* Records provided *
= = =

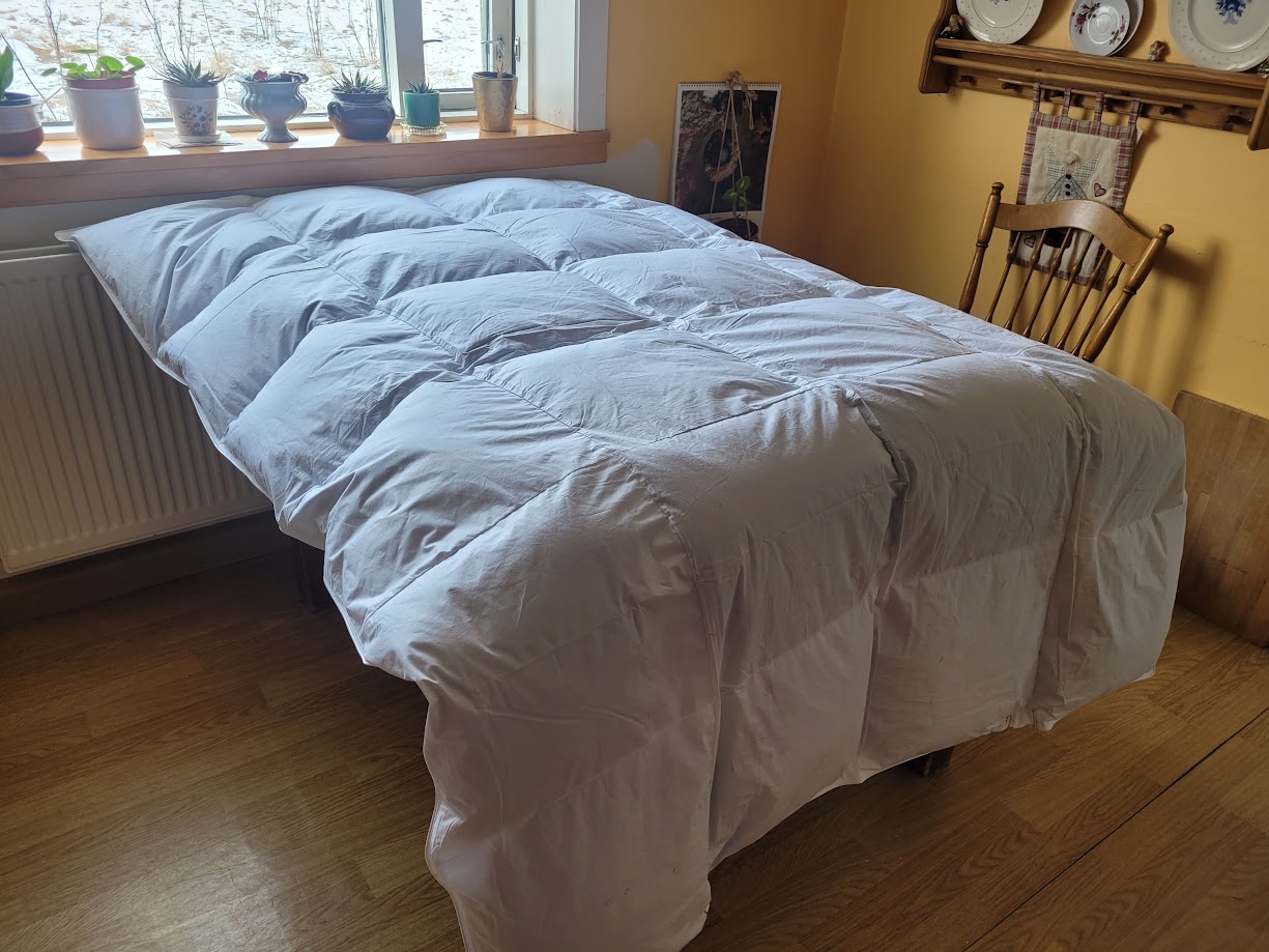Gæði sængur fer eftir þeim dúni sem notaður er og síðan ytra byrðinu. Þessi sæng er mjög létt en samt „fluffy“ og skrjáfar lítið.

= = =

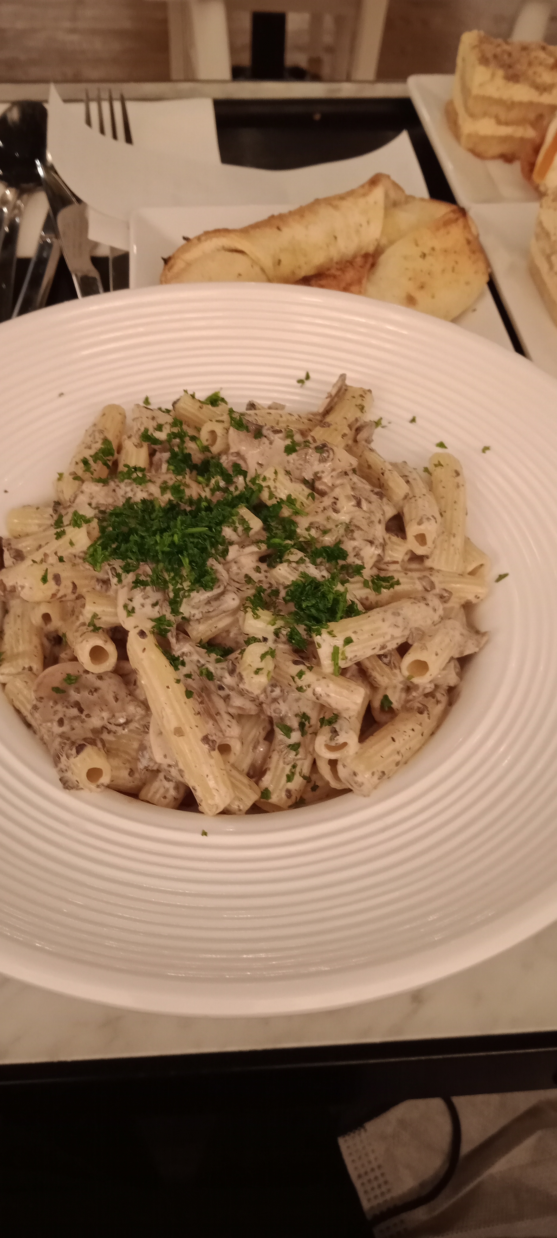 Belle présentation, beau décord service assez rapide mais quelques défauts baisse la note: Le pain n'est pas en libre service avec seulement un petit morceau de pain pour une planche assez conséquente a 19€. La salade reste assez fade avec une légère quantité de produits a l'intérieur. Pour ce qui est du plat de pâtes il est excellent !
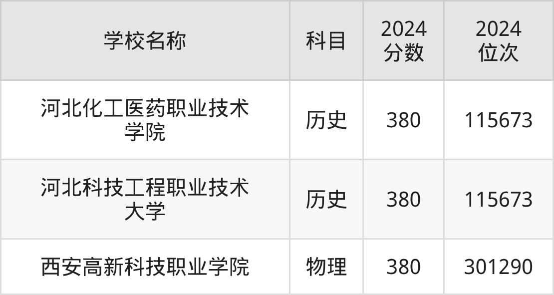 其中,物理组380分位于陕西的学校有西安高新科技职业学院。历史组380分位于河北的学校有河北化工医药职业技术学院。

= = =

Return only the part above that opens with the line containing "Belle présentation, beau" and closes with the line containing "其中,物理组380分位于陕西", exactly and with both ends, skipping the pictures.

* Final answer *
 Belle présentation, beau décord service assez rapide mais quelques défauts baisse la note: Le pain n'est pas en libre service avec seulement un petit morceau de pain pour une planche assez conséquente a 19€. La salade reste assez fade avec une légère quantité de produits a l'intérieur. Pour ce qui est du plat de pâtes il est excellent !
 其中,物理组380分位于陕西的学校有西安高新科技职业学院。历史组380分位于河北的学校有河北化工医药职业技术学院。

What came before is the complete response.